Bitreduction

Bitreduction is used as a technical means when converting between different sample bit depths, but is also commonly used as an effect for aesthetic purposes. Since the lower bit depth will represent the input signal with a lower numerical precision , we get a particular kind of distortion. Let's be very clear that it is the amplitude of the audio signal that is measured at each digital sample, and that the bit depth represents the precision with which the amplitude is measured.

Reducing the bit depth

Here's we'll present an example of bitreduction by rounding off the sample amplitude value to a number of discrete steps. The number of steps is determined by the bit depth, for example a bit depth of 2 will allow 4 discrete amplitude steps while a bit depth of 8 allows 256 discrete steps. Just note that an audio signal is normally symmetrical around zero, and that what we think of as "audio signal zero" is indeed the middle value of the binary number representation. For 16 bits, we have 65536 discrete values, and to make this symmetrical around zero we use the first 32768 values to represent the negative signal amplitude and the other 32768 steps to represent the positive signal amplitude. Now, what do we do when the signal is silent? That is, when the amplitude is zero. Binary numeric representation tells us that zero is counted as a positive number so silent audio signal is registered as the value on the 32769'th step, leaving only 32767 steps for the positive part of the signal. This difference is negligible with high bit depths, but will really start to make a difference when using very low bith depths. So when we implement bit reduction as an audio processing effect, we must cheat one way or the other to preserve the signal symmetry around zero and to let zero represent the silent signal. The way we do this is to quantize the positive and the negative parts of the signal separately, leaving zero where it is. Now, this gives us another problem: how many steps can we allow for e.g. a 2 bit representation? 2 bits should give us 4 discrete steps, but we want to preserve zero as the middle value. So we just add zero as an extra allowed value, giving us 5 discrete steps for a 2 bit representation. This also let us do bit reduction to 1 bit, where the output will be very much like a square wave but still allowing a silent input signal to result in a silent output signal.

Signal Flow

Audio signal graphs

Sound examples

Csound code

The following Csound code generates a sine wave, then rounds off the amplitude values to the agreed number of steps.

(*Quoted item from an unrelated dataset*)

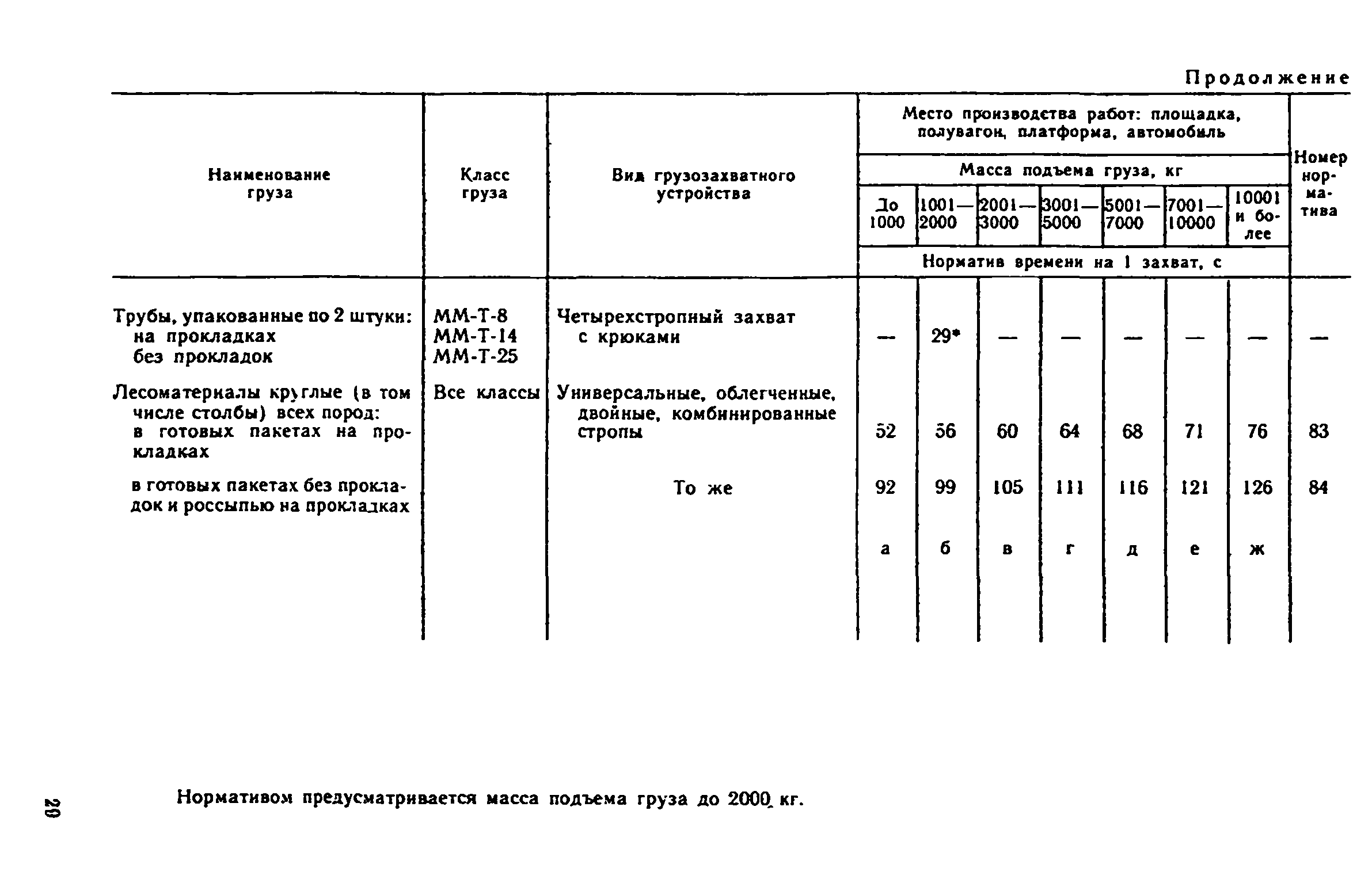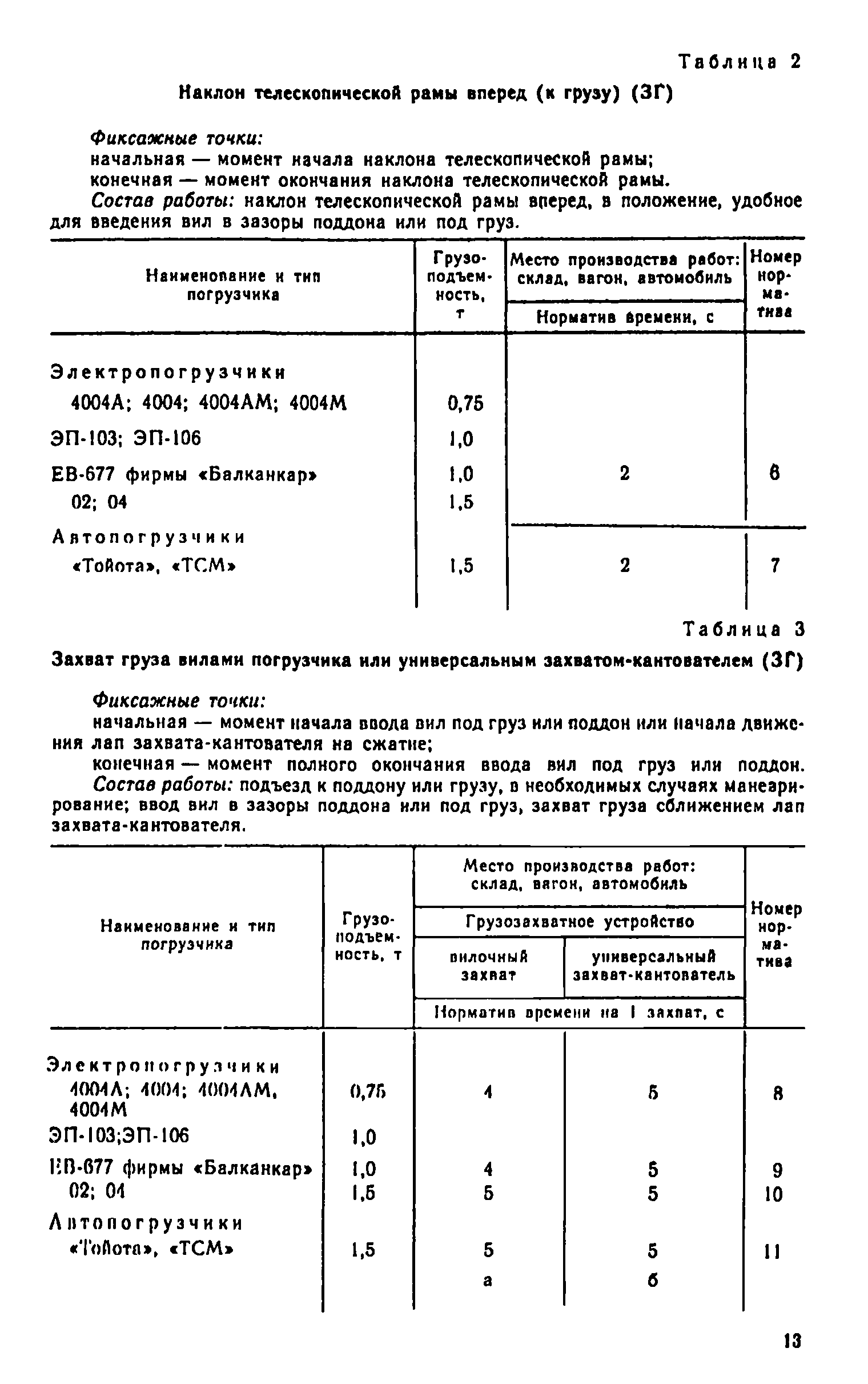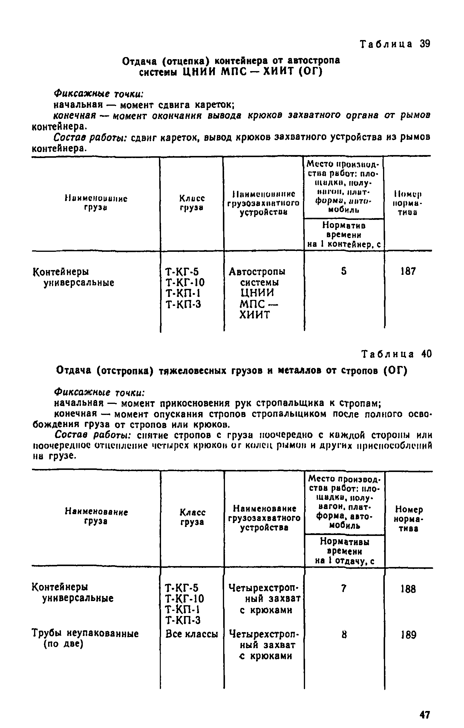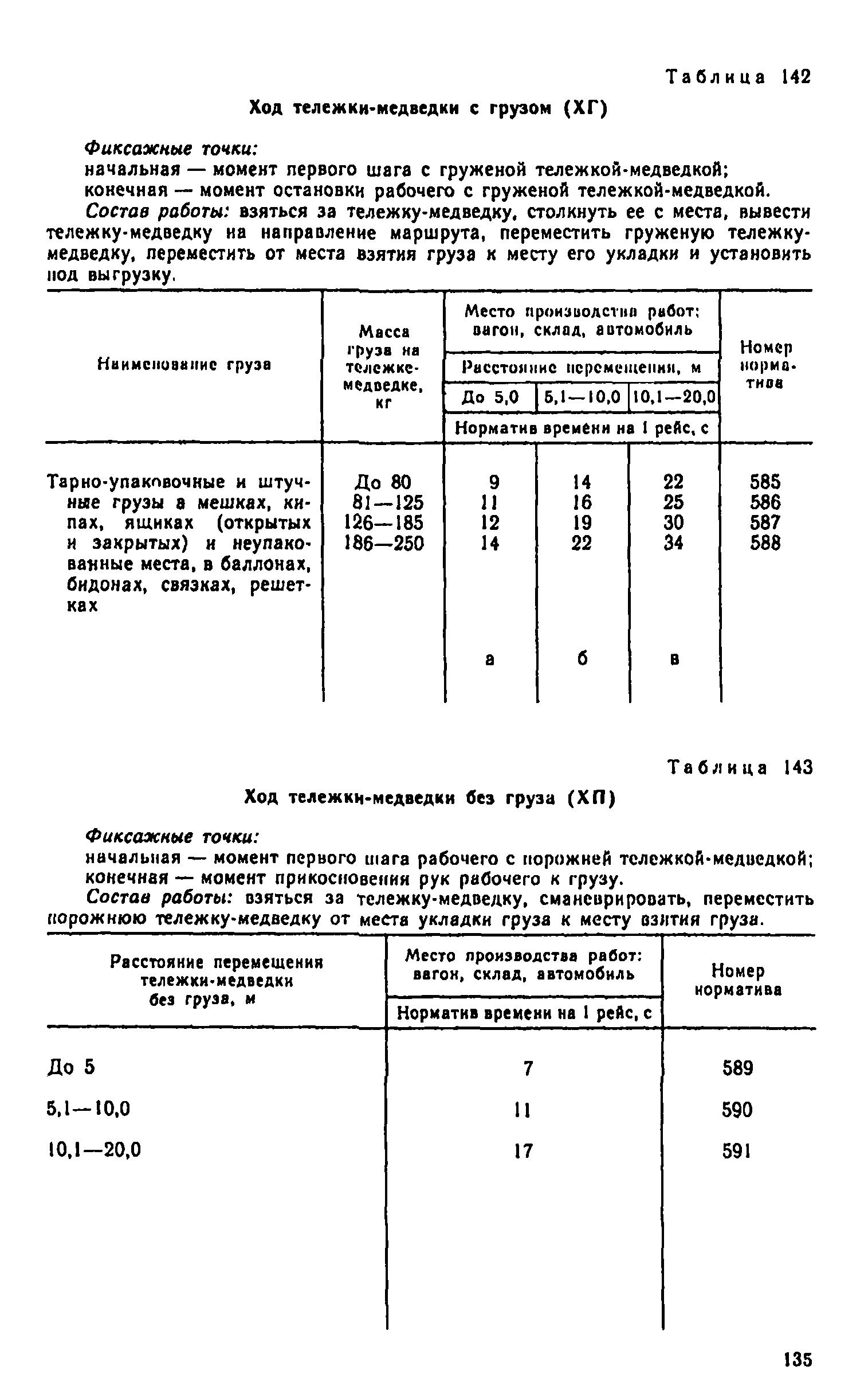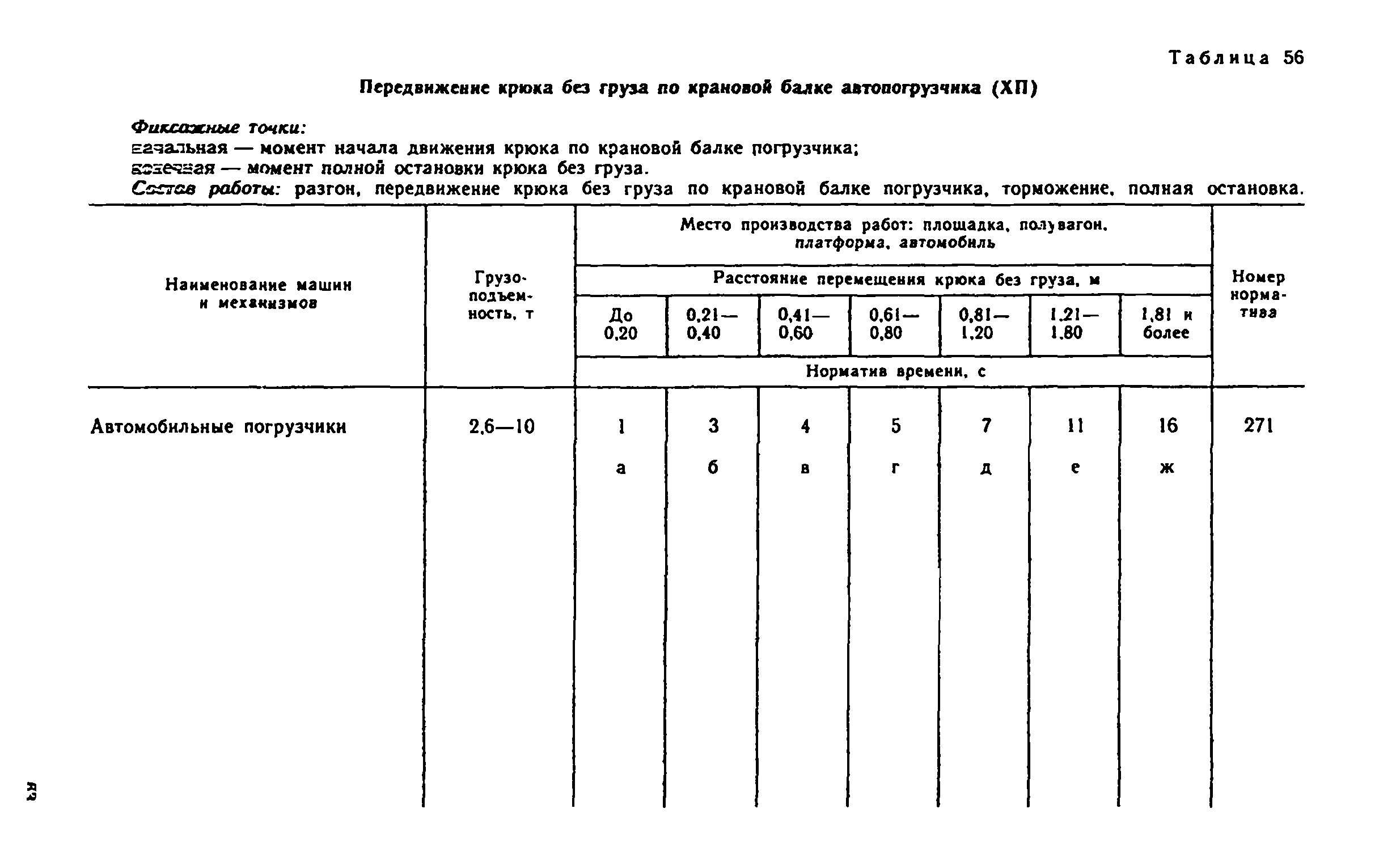 Нормативы времени на погрузочно-разгрузочные работы, выполняемые на железнодорожном, водном и автомобильном транспорте. Часть I. Погрузочно-разгрузочные работы, выполняемые на станциях железных дорог, предприятиях, в организациях, учреждениях отраслей народного хозяйства| Статус: | действует | | Название рус.: | Нормативы времени на погрузочно-разгрузочные работы, выполняемые на железнодорожном, водном и автомобильном транспорте. Часть I. Погрузочно-разгрузочные работы, выполняемые на станциях железных дорог, предприятиях, в организациях, учреждениях отраслей народного хозяйства | | Дата добавления в базу: | 01.09.2013 | | Дата актуализации: | 01.01.2021 | | Область применения: | Нормативы времени предназначены для разработки единых норм выработки и времени на вагонные, автотранспортные и складские погрузочно-разгрузочные работы, а также для разработки местных норм выработки и времени на работы, выполняемые более производительными машинами, механизмами, грузозахватными устройствами при более совершенной организации труда на станциях железных дорог, предприятиях, в организациях и учреждениях отраслей народного хозяйства | | Оглавление: | 1. Общая часть 2. Организация труда 3. Нормативная часть Раздел 1. Нормативы оперативного времени на элементы (комплексы приемов) операций технологического процесса полностью и не полностью механизированных погрузочно-разгрузочных работ А. Тарно-упаковочные и штучные грузы Б. Тяжеловесные грузы, металлы, металлические изделия и лесоматериалы В. Наволочные грузы Раздел II. Нормативы времени на элементы операций технологического процесса погрузочно-разгрузочных работ, выполняемых вручную с применением и без применения простейших приспособлений Раздел III. Нормативы времени на подготовительно-заключительные работы, организационное и техническое обслуживание рабочего места, перерывы, предусмотренные технологией и организацией производственного процесса, перерывы на отдых и личные надобности Раздел IV. Нормативы времени на специальное крепление (раскрепление) грузов на железнодорожном подвижном составе (на платформе или в полувагоне) Раздел V. Примеры расчета комплексных норм выработки и времени по нормативам Приложение 1. Формула расчета высоты укладки грузов в вагоне и их объемов Приложение 2. Классификационный список грузов Приложение 3. Классификационные показатели грузов Приложение 4. Примерный перечень основных погрузочно-разгрузочных машин и механизмов Приложение 5. Примерные схемы укладки груза на поддоны Приложение 6. Коэффициент заполнения грузозахватных устройств навалочными грузами | | Разработан: | ЦБНТ

;***************************************************
; bit reduction
;***************************************************
	instr	1

; basic parameters: amp and frequency for the oscillator
	iamp		= ampdbfs(p4)
	icps		= p5

; bit depth
	iBits		= p6				

; find number of discrete steps for this bit depth
	iQuantize	= (powoftwo(iBits)/2)+1		

; audio generator
	a1		oscili	1, icps, giSine	

; bit reduction by rounding off amplitude values
	aQuantize	= round(a1*iQuantize)/iQuantize	

; audio out
	out		aQuantize*iamp		

	endin
;***************************************************